Долгими зимними вечерами Хикари с осторожностью рассказывала дочери о жизни в городе – о его огнях и суматохе. О метро и скоростных поездах, что мчатся к морю. О диковинных животных в зоопарках и рыбах в больших аквариумах. О театрах и кино, о музыке. Не забывала рассказать и о цене, которую платили жители больших городов: им приходилось встречаться с толпами незнакомцев!

Упоминания о незнакомцах пугали Юми больше, чем сказки Накатоми о демонах, что притаились в ночи.

О многом из этого девочка уже читала или слышала от соседей, но все равно с удовольствием внимала неспешной красивой речи. Юми особенно нравилось чувство их единения и теплая расслабленная атмосфера. Она восхищалась тем, как много знала ее мать. Тем, что у нее всегда был ответ на любой вопрос. Девочка мечтала стать такой же умной, талантливой и образованной.

Такие вечера близости приводили Хикари в неописуемый восторг, но и внушали некоторую тревогу.
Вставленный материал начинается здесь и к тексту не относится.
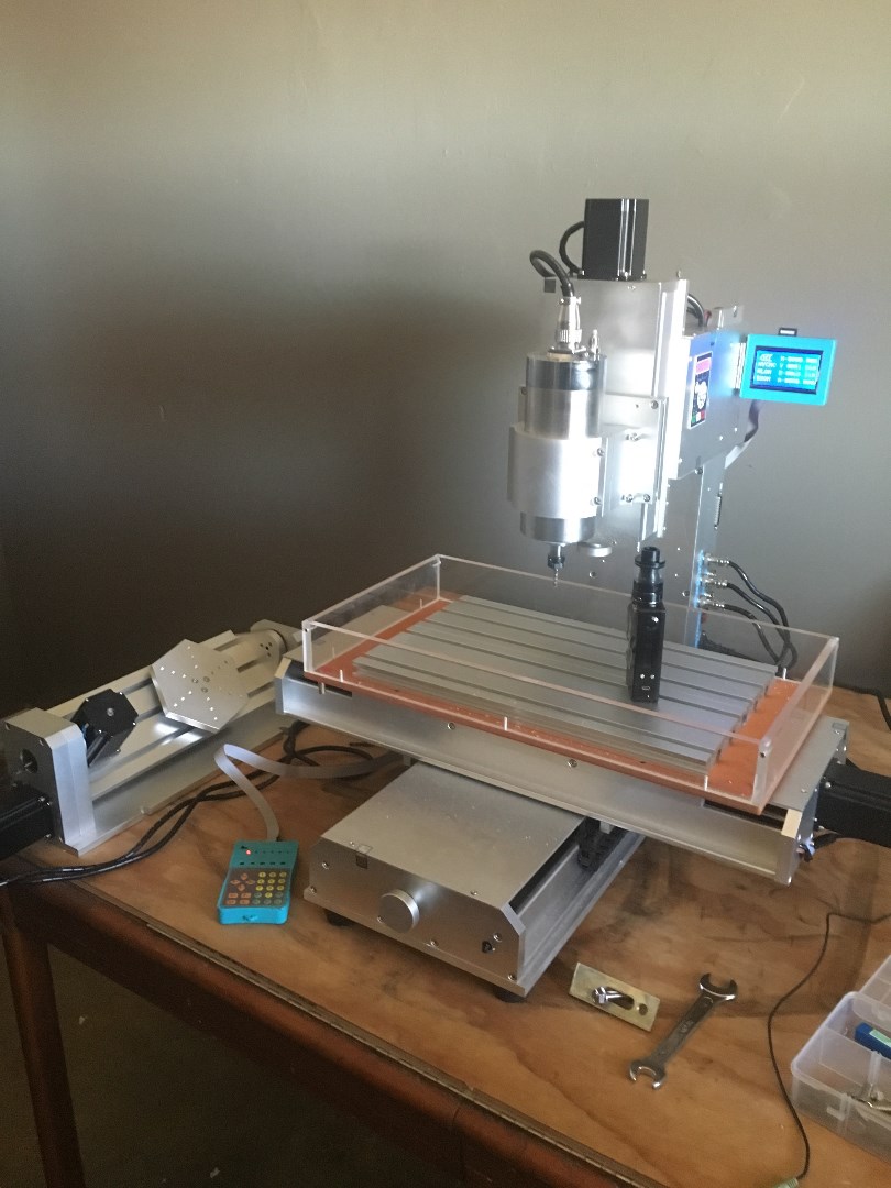 bought this bad ass hobby mill off ebay in November its a water cooled 1.5Kw 5 axis cnc. I'm a cnc operator at work so there wasn't much of a learning curve here are some pic's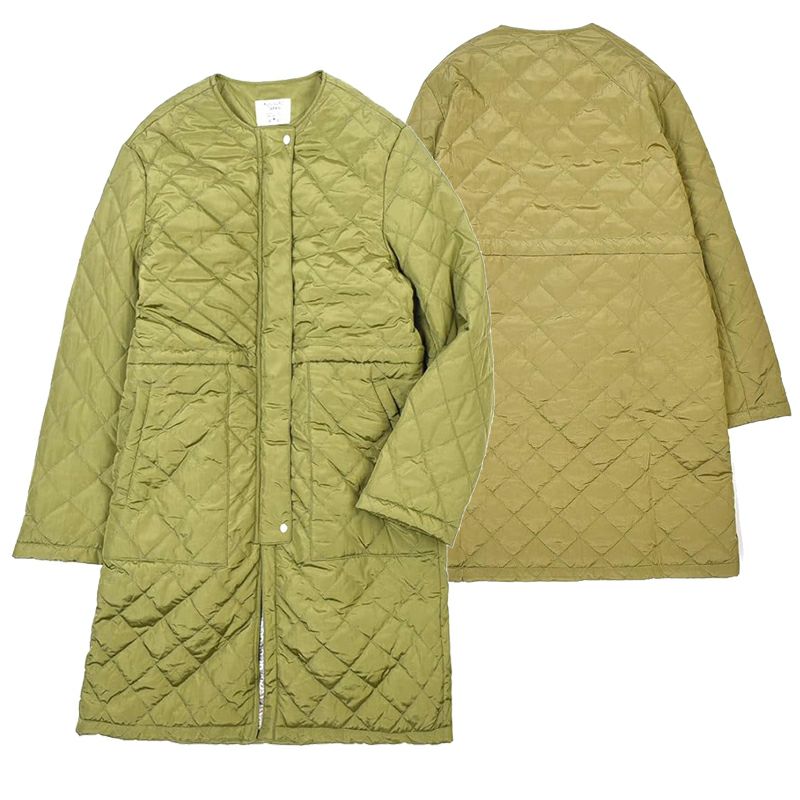 クスグルジャパン 中綿コート 軽量 ノーカラー 防寒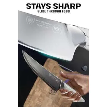 The handle showcases an innovative white resin encased in a durable aluminum mesh honeycomb, supplying a tension-free grip that feels natural and comfortable in your hand. The balance this knife offers allows you to perform a wide array of kitchen tasks with utmost precision – whether you're chopping veggies or slicing through tougher cuts of meat, the DALSTRONG Chef Knife will quickly become your go-to tool. And with each knife being NSF certified, you're assured of professional-grade quality and sanitation standards.

Она опасалась того, что интерес дочери к искусству и новым открытиям может развиться в желание покинуть дом в поисках приключений.

Но Юми жаждала лишь внимания и одобрения матери, которую боготворила и ужасно боялась расстроить.

Телевизора и телефона у них не было, но девочка знала что это. Почти у всех стариков в деревне была всевозможная техника. Ей нередко приходилось пользоваться благами цивилизации, помогая жителям по дому. Особой ценности в телевизоре Юми не находила, ведь старики обычно смотрели новости, а так как девочка не знала большого мира, то и известия о нем ее не особо волновали. Если видела что-то интересное или непонятное, она расспрашивала мать – та была для нее ходячей энциклопедией. Хикари побаивалась того, что у Юми может появиться мечта увидеть все своими глазами. Но та не проявляла особого интереса к приключениям за пределами Дзюкая и только удивлялась новым открытиям. Редкие просмотры телепрограмм были лишь дополнительным источником знаний.

Гораздо интереснее телевизора Юми находила виниловый проигрыватель и коллекцию пластинок с песнями, сказками и даже мюзиклами на разных языках. Муж бабушки Акиты был владельцем столичного ресторана, в котором когда-то проигрывали эти пластинки, а по выходным даже выступали музыканты. После его смерти заведение было долго закрыто и сын привез проигрыватель с пластинками домой. Переезжая в Дзюкай, бабушка Акита захватила с собой и память о муже.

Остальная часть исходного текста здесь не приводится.